Guidance published by the Department of Health in 2003 stated that a police station is not suitable accommodation, but if there is no alternative available children should be made comfortable and given access to food, drink and toilet facilities. If police decide to place a child with relative or other carer they must undertake basic checks: Police National Computer, sex offender registry and child protection register in regard to the proposed carers.

While under police protection, children must be allowed contact with their parents if it is appropriate and in their best interests. If a child is placed in local authority care, the responsibility for organising contact falls to the local authority rather than the police. The police protection provisions do not allow the local authority or police to gain parental responsibility, which remains with the parents or guardians.

During the 72 hours, the police officer responsible for executing their powers should inform the "designated officer". A designated officer should be allocated to each police force to deal with these emergency child safeguarding cases and to liaise with local authorities. The police should also inform the child's parents of the situation and help the child to understand what is happening and ascertain their wishes and views.

Whilst a child is subject to police protection, the designated officer has a duty to review the case regularly for the full period the child is under police protection; even if the child has been accommodated elsewhere. If the designated police officer changes during this period, this must be endorsed on the police protection form.

When the local authority is informed they must initiate a Section 47 inquiry and may also then wish to apply to the court for an Emergency Protection Order to protect the child from harm. This order may be applied for by the local authority or by the police.

==Assessment and impact==
The police protection provisions under Section 46 of the Children Act 1989 are sometimes called Police Protection Orders (PPOs).
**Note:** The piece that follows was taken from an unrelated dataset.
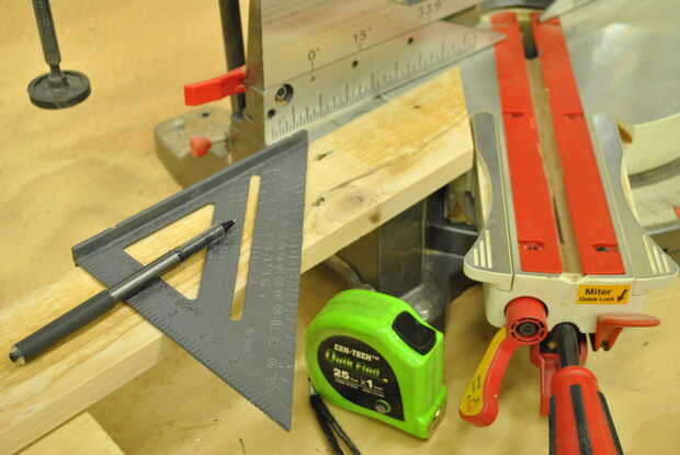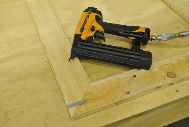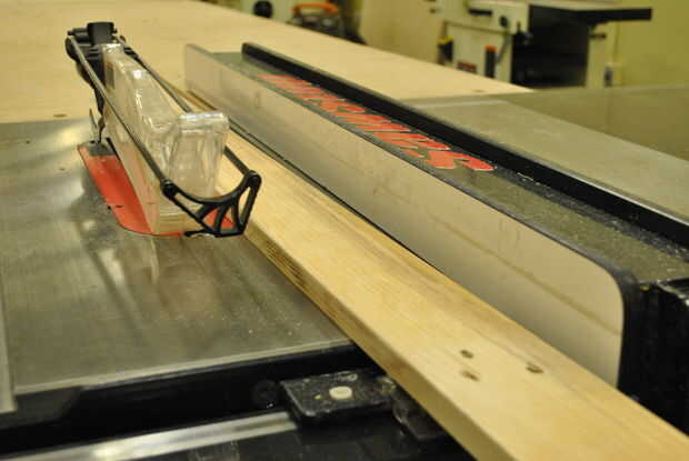 Esa advertencia en mente, corrí la madera a través de la tabla VI y solo quita ~1/16 "de cualquier lado para garantizar que el mismo ancho. La sierra me metió la 45o las esquinas, luego la pistola de clavos neumática y por último lijar para acabar las cosas.

This is incorrect as the powers are carried out without approval by a court and therefore the police do not require a court order to proceed.

A 1998 study of 13 police authorities found that the most common reason for police protection provisions being used was for children "at risk". The other reasons given, in order of number of occurrences were "missing from home", "behaviour", "home alone", "on street", "abduction", "domestic violence", "parents arrest and disputes". They also found that some police authorities placed children with relatives, family friends or other appropriate adults more readily than others.

Masson et al.'s research discovered that three quarters of children removed under police protection provisions were taken to police stations; and when there the police are limited for safe places for them to stay. It also illustrated that 60% of cases resulted in the child being put into local authority care and found that designated officers were usually uniformed officers and in some cases the designated officers only worked 9–5 hours.

Some local authorities choose to seek assistance from the police when courts are unwilling to hear an application for an Emergency Protection order at short notice. Some police officers feel that they do not have adequate training or skills to make a judgement regarding exercise of their child-protection powers. A larger concern of the police is regarding the consequences of not acting; therefore, covering their backs.